In conclusion, the questions concerning claims to the actual loss exceeding a contractual penalty and liquidated damages provision is not a question connected to the validity of such clauses and thus not outside the scope of the CISG. Rather, it is a question as to the extent of damages which is a matter governed by the Convention and it can be resolved by virtue of Article 7(2) CISG in applying the principles of the Convention, here the principle of full compensation as embodied in Article 74 first sentence CISG.[19] There is thus no need to look at Chinese law for any discretionary increase in the amount of damages by the court or the arbitral tribunal.

4. CONCLUSION

It is to be hoped that in this article the authors effectively rebutted the view of Marcus S. Jacobs and Yanming Huang that the parties to a CISG contract, by including a penalty clause in their contract, impliedly opted out of the damages regime of the CISG to the effect that domestic law applies giving discretionary power to the court or the arbitral tribunal to increase the agreed sum. By contrast, this is a question of damages which is governed by the CISG. The Convention has rules to be applied to the question whether the aggrieved party can claim damages in excess of a penalty and liquidated damages clause. Domestic law becomes decisive only with respect to the validity of such clauses. [page 3]


ENDNOTES

* [Editor's Note: Dr. Florian Mohs is a postdoctoral researcher at the University of Basel and a visiting scholar at the Law School of the University of Melbourne, Australia. He worked as an associate to Professor Ingeborg Schwenzer coordinating the publication of the 2nd edition of the Commentary on the UN Convention on the International Sale of Goods (Oxford University Press, 2005). Dr. Mohs holds law degrees from the University of Basel, Switzerland (iur.) and the Victoria University of Wellington, New Zealand (LL.M.).

** Dr. Bruno Zeller is a Senior Lecturer at the School of Law at Victoria University, Melbourne, Australia and an Adjunct Professor at Murchoch University Perth. He is also an Arbitrator and Member of the Australian Institute of Commercial Arbitration. He has published extensively on matters pertaining to the Convention on Contracts for the International Sales of Goods [CISG]. Comments can be sent, and questions could be asked by e-mail at bruno. zeller@vu.edu.a au. Copyright 2005 by the authors. Replies to the authors' commentary are welcome.]

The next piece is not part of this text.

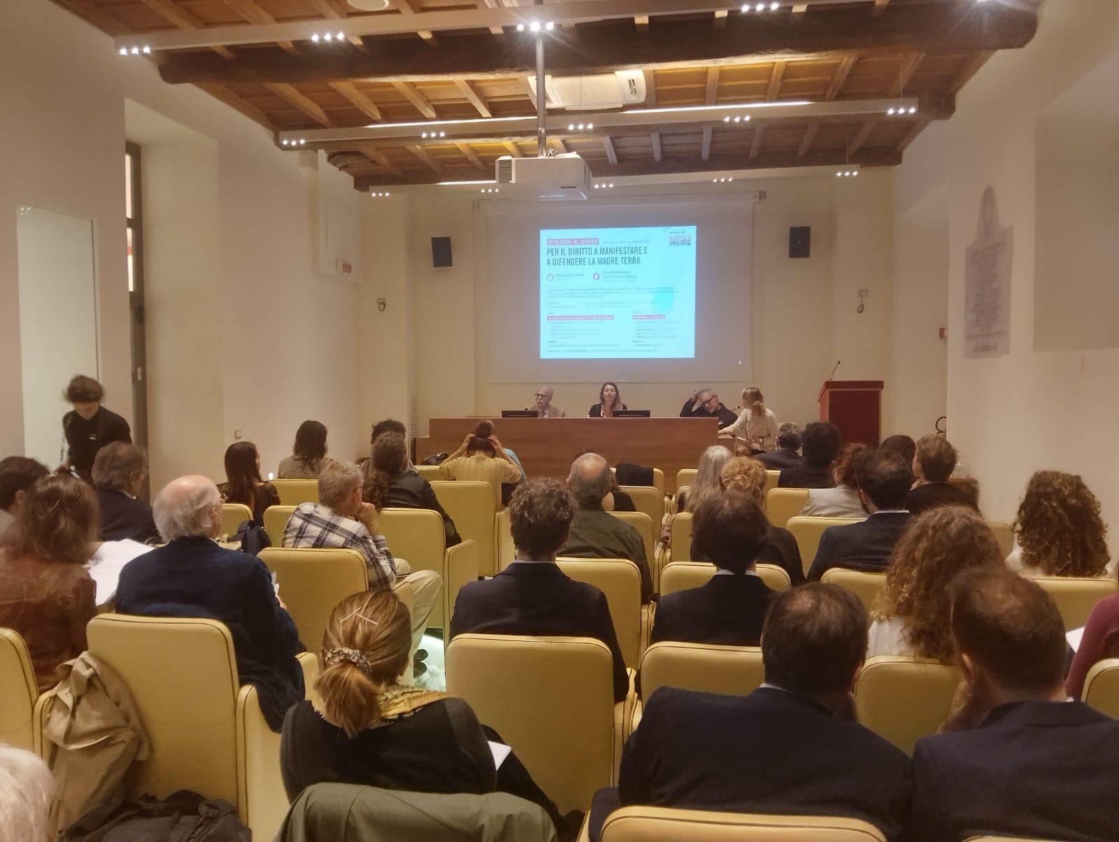 Un momento di informazione, condivisione di esperienze e denuncia della preoccupante situazione su repressione e libertà in Italia, in particolare per ciò che concerne il focus della rete In Difesa Di, ovvero la difesa e l’accompagnamento di attiviste ed attivisti per i diritti umani e la giustizia climatica sotto minaccia nel mondo: questo è stato il denso convegno internazionale “Per il diritto a manifestare e a difendere la Madre Terra”, che ha visto alternarsi voci di attiviste ed attivisti italiani dei movimenti per il clima, a giuristi di alto profilo sia italiani che internazionali, fra cui due esponenti dell’OSCE – Odhir e della Convenzione di Aarhus.

1. The saga developed as follows: Marcus S. Jacobs and Yanming Huang "An Arbitrator's Power And Duties Under Art 114 Of Chinese Contract Law In Awarding Damages In China In Respect Of A Dispute Under A Contract Governed By CISG" 20(5) Mealey's Intl. Arb. Rep. 20 (2005); Bruno Zeller "The CISG And The Opting Out Clause Pursuant To Article 6 -- A Corrective Reply" 20(8) Mealey's Intl. Arb. Rep. 51 (2005); Marcus S. Jacobs and Yanming Huang "A Rebuttal Of Dr Bruno Zeller's Commentary: The CISG And the Opting Out Clause Pursuant To Article 6 A Corrective Reply" 20(10) Mealey's Intl. Arb. Rep. 17 (2005).

2. Article 114(2) first sentence of the Chinese Contract Law, in an English translation, provides:

"If the stipulated penalty for breach of contract is lower than the loss caused by the breach, the party concerned may apply to a people's court or an arbitration institution for an increase."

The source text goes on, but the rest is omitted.